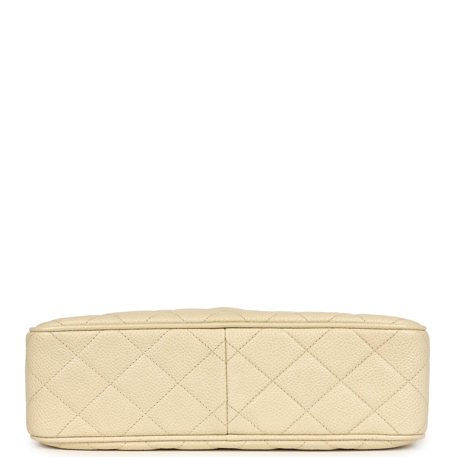 This vintage Chanel Medium Camera Bag is of light beige caviar leather with gold hardware, featuring signature diamond quilt with signature CC logo on the front, a zipper closure with quilted CC Ball zipper pull, and a single interwoven light beige leather and gold tone chain link shoulder/crossbody strap.
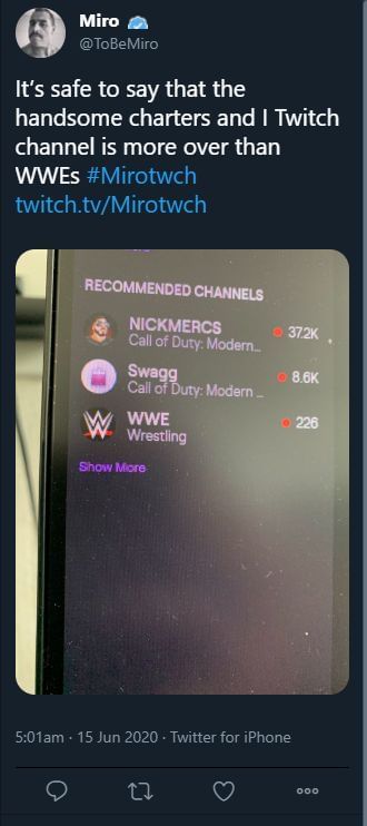 The former US Champion posted a photo on Twitter that showed the live viewership figures of WWE's Twitch channel, which hosted the Backlash Watch Along party with various Superstars and personalities.
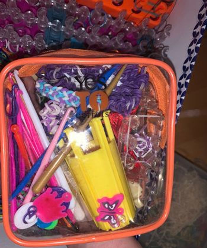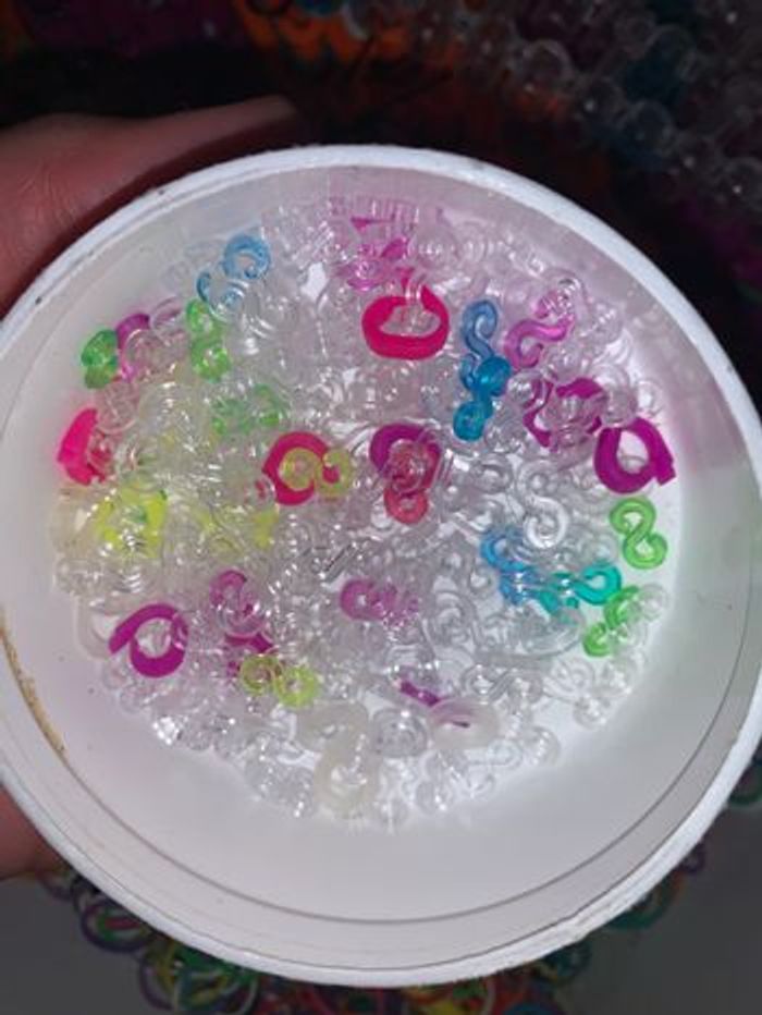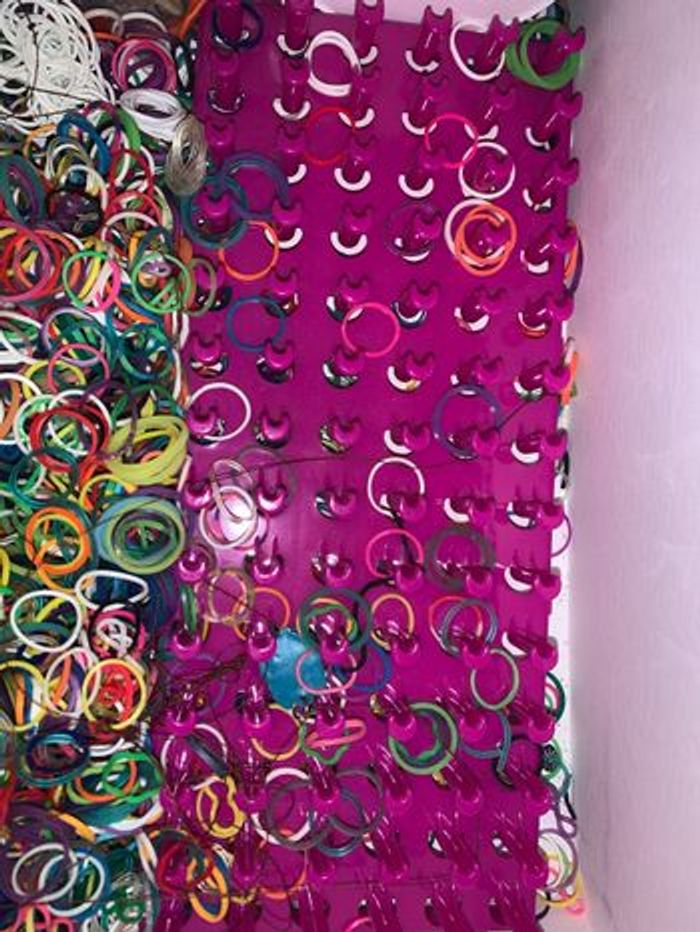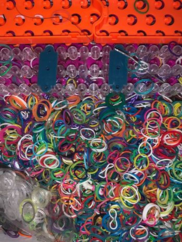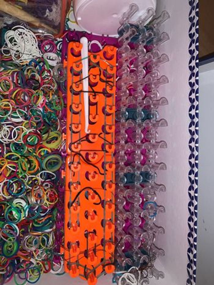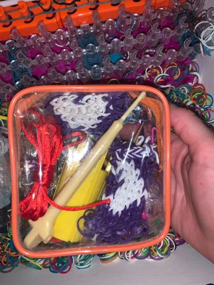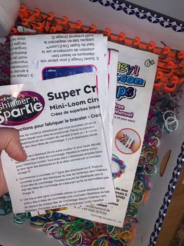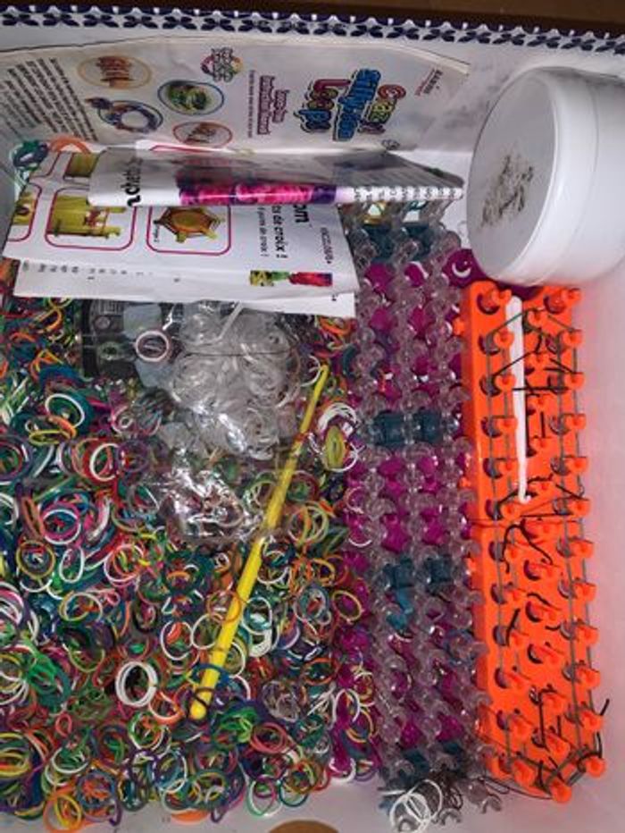 Une boîte qui contient - Des centaines d’élastiques multicolores - Une dizaine de crochets - Une boîte de fermoirs - 3 barres de crochets - Des modes d’emplois - Des petits charms/fils - Des créations déjà réalisées
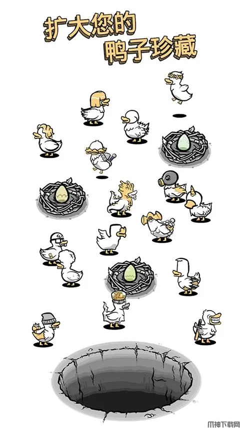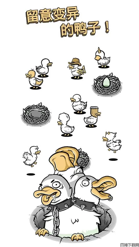 怪鸭世界是一款以鸭子为题材打造的休闲益智类模拟小游戏。并且游戏以经典的黑白风格元素设计为主打,不仅拥有着清爽简约的游戏界面、丰富多样的场景动画、以及逼真的技能特效效果,可让大家能够感受全新与众不同的视觉盛宴。同时游戏中丰富的鸭鸭种类更是形象诙谐,呆萌有趣,且每只鸭子都有不同的技能。在这里你不但可以通过不断的孵化基因变异的鸭子来进行培养和成长,并将其放进神秘洞中触发奇特的惊喜,获取更多不同的鸭子奖励,集齐鸭鸭图鉴满足你浓厚的收藏欲。而且在怪鸭世界游戏中随着更多的鸭子的孵化,过程中也还会发生更多奇怪的事情,出现许多隐藏的关卡等你来挑战,参与到各种不同的合成中,随时随地体验鸭子的乐趣,了解鸭子,拯救鸭子。
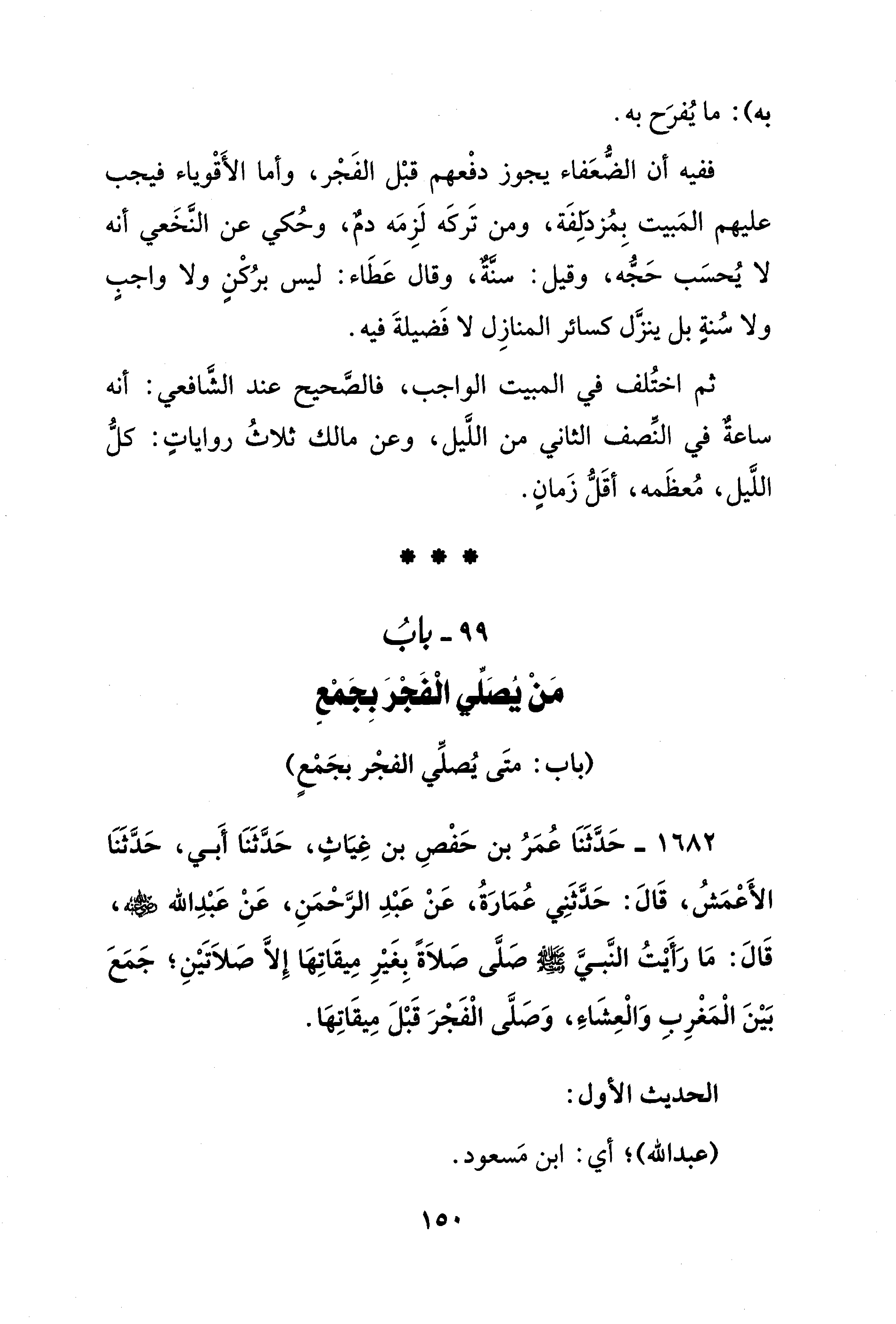 1682 - حَدَّثَنَا عُمَرُ بن حَفْصِ بن غِيَاث، حَدَّثَنَا أَبي، حَدَّثَنَا الأَعْمَشُ، قَالَ: حَدَّثَنِي عُمَارَةُ، عَنْ عَبْدِ الرَّحْمَنِ، عَنْ عَبْدِ الله - رضي الله عنه -، قَالَ: مَا رَأَيْتُ النَّبيَّ - صلى الله عليه وسلم - صَلَّى صَلَاةً بِغَيْرِ مِيقَاتِهَا إلا صَلَاتَيْنِ؛ جَمَعَ بَيْنَ الْمَغْرِبِ وَالْعِشَاءِ، وَصَلَّى الْفَجْرَ قَبْلَ مِيقَاتِهَا.
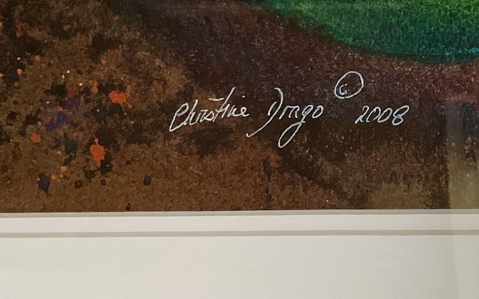 This is a nice large print by Christie Drago. Very colorful mat and very nicely framed very nicely ready to hang in a contemporary frame.
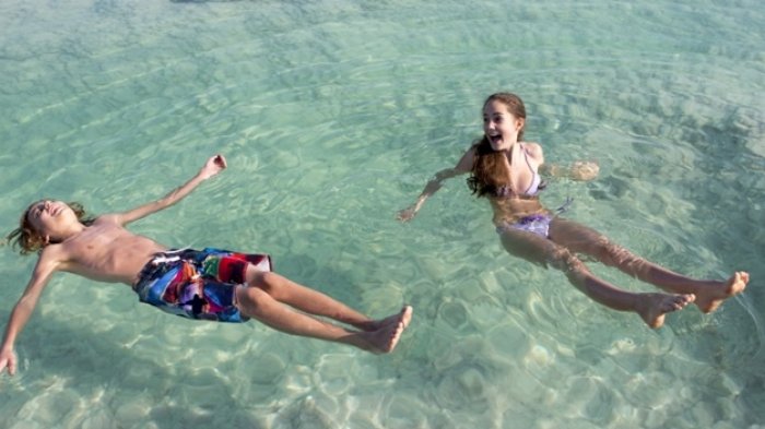 Tingginya kadar garam dalam air laut menjadikan traveler bisa terapung meski tak bisa berenang sekali pun.
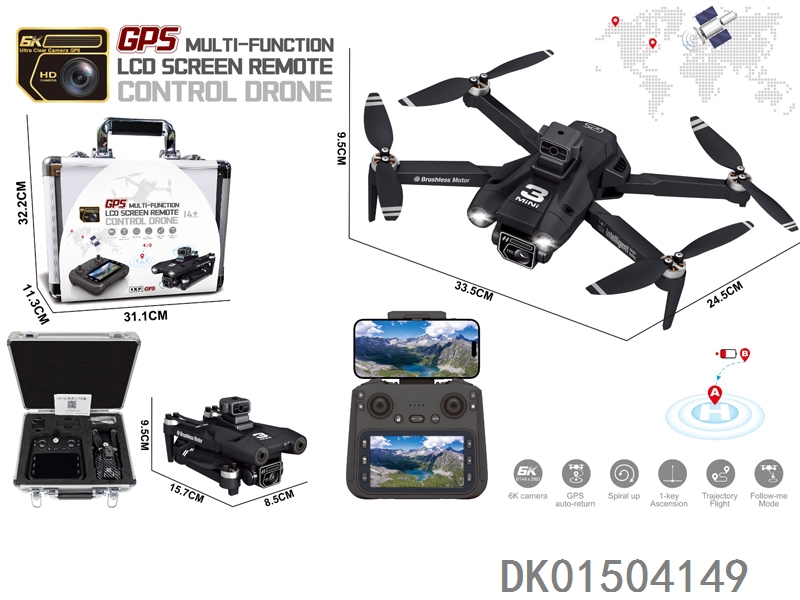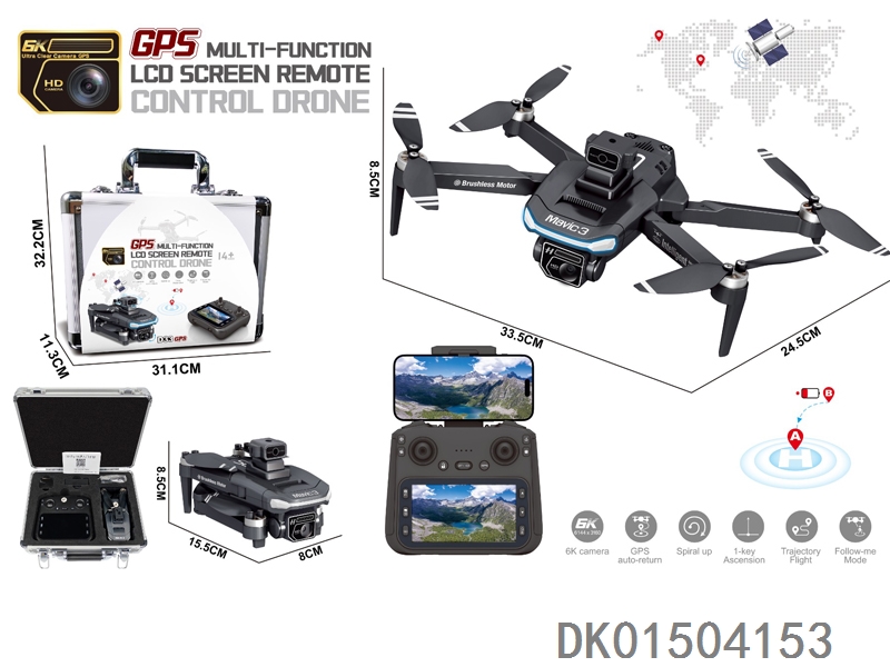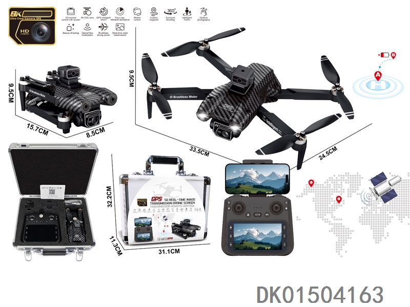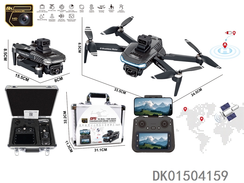 GPS 5G传输中继器 4.3寸屏控(WiFi实时传输)无刷电机无人机WiFi高清8K双摄像头带光流跟随电调摄像头4面避障
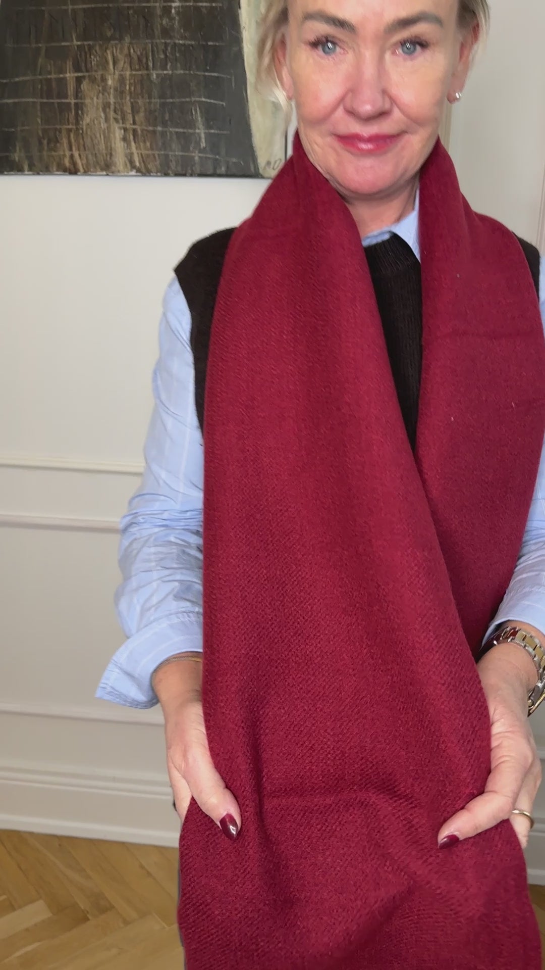 Blødt og let sjal i elegant bordeaux/rød med vendbart udtryk og fine frynser. Vævet i en behagelig blanding af 20% uld for naturlig varme og 80% viscose for et smidigt, kradsefrit fald. Perfekt som lun skuldervarmer til hverdagsbrug, rejser og kølige aftener – året rundt.
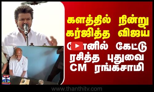 Tvk Vijay| Puducherry CM | களத்தில் நின்று கர்ஜித்த விஜய்.. போனில் கேட்டு ரசித்த புதுவை CM ரங்கசாமி
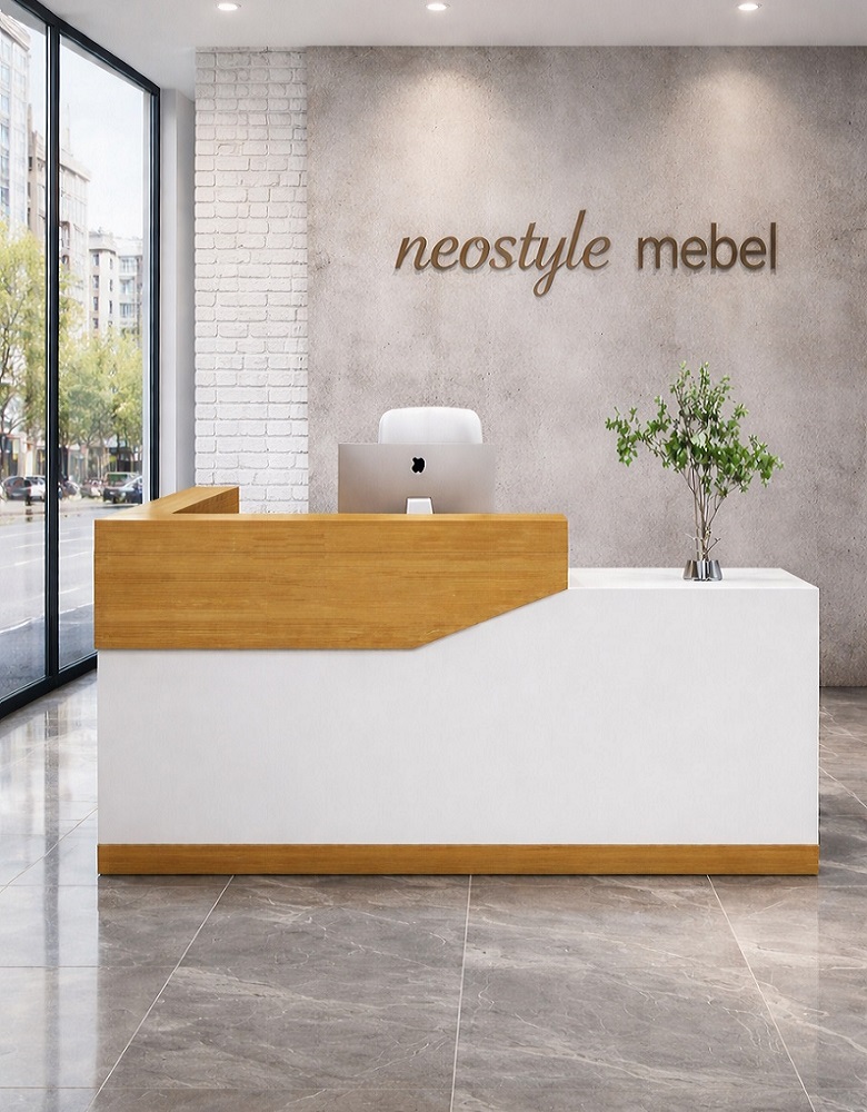 Reception masası sifarişlə yığılır. eni 200sm, dərinlik 60sm, hündürlük 100sm. içində 1 siyirmə və 1 şkaf Rəngdə və ölçüdə dəyişiklik etmək mümkündür.

# # # #

> WHAT YOU SHOULD DO: If the data includes images, omit them, and set down everything else exactly as above.

> WORKED SOLUTION:
 This vintage Chanel Medium Camera Bag is of light beige caviar leather with gold hardware, featuring signature diamond quilt with signature CC logo on the front, a zipper closure with quilted CC Ball zipper pull, and a single interwoven light beige leather and gold tone chain link shoulder/crossbody strap.
 The former US Champion posted a photo on Twitter that showed the live viewership figures of WWE's Twitch channel, which hosted the Backlash Watch Along party with various Superstars and personalities.
 Une boîte qui contient - Des centaines d’élastiques multicolores - Une dizaine de crochets - Une boîte de fermoirs - 3 barres de crochets - Des modes d’emplois - Des petits charms/fils - Des créations déjà réalisées
 怪鸭世界是一款以鸭子为题材打造的休闲益智类模拟小游戏。并且游戏以经典的黑白风格元素设计为主打,不仅拥有着清爽简约的游戏界面、丰富多样的场景动画、以及逼真的技能特效效果,可让大家能够感受全新与众不同的视觉盛宴。同时游戏中丰富的鸭鸭种类更是形象诙谐,呆萌有趣,且每只鸭子都有不同的技能。在这里你不但可以通过不断的孵化基因变异的鸭子来进行培养和成长,并将其放进神秘洞中触发奇特的惊喜,获取更多不同的鸭子奖励,集齐鸭鸭图鉴满足你浓厚的收藏欲。而且在怪鸭世界游戏中随着更多的鸭子的孵化,过程中也还会发生更多奇怪的事情,出现许多隐藏的关卡等你来挑战,参与到各种不同的合成中,随时随地体验鸭子的乐趣,了解鸭子,拯救鸭子。
 1682 - حَدَّثَنَا عُمَرُ بن حَفْصِ بن غِيَاث، حَدَّثَنَا أَبي، حَدَّثَنَا الأَعْمَشُ، قَالَ: حَدَّثَنِي عُمَارَةُ، عَنْ عَبْدِ الرَّحْمَنِ، عَنْ عَبْدِ الله - رضي الله عنه -، قَالَ: مَا رَأَيْتُ النَّبيَّ - صلى الله عليه وسلم - صَلَّى صَلَاةً بِغَيْرِ مِيقَاتِهَا إلا صَلَاتَيْنِ؛ جَمَعَ بَيْنَ الْمَغْرِبِ وَالْعِشَاءِ، وَصَلَّى الْفَجْرَ قَبْلَ مِيقَاتِهَا.
 This is a nice large print by Christie Drago. Very colorful mat and very nicely framed very nicely ready to hang in a contemporary frame.
 Tingginya kadar garam dalam air laut menjadikan traveler bisa terapung meski tak bisa berenang sekali pun.
 GPS 5G传输中继器 4.3寸屏控(WiFi实时传输)无刷电机无人机WiFi高清8K双摄像头带光流跟随电调摄像头4面避障
 Blødt og let sjal i elegant bordeaux/rød med vendbart udtryk og fine frynser. Vævet i en behagelig blanding af 20% uld for naturlig varme og 80% viscose for et smidigt, kradsefrit fald. Perfekt som lun skuldervarmer til hverdagsbrug, rejser og kølige aftener – året rundt.
 Tvk Vijay| Puducherry CM | களத்தில் நின்று கர்ஜித்த விஜய்.. போனில் கேட்டு ரசித்த புதுவை CM ரங்கசாமி
 Reception masası sifarişlə yığılır. eni 200sm, dərinlik 60sm, hündürlük 100sm. içində 1 siyirmə və 1 şkaf Rəngdə və ölçüdə dəyişiklik etmək mümkündür.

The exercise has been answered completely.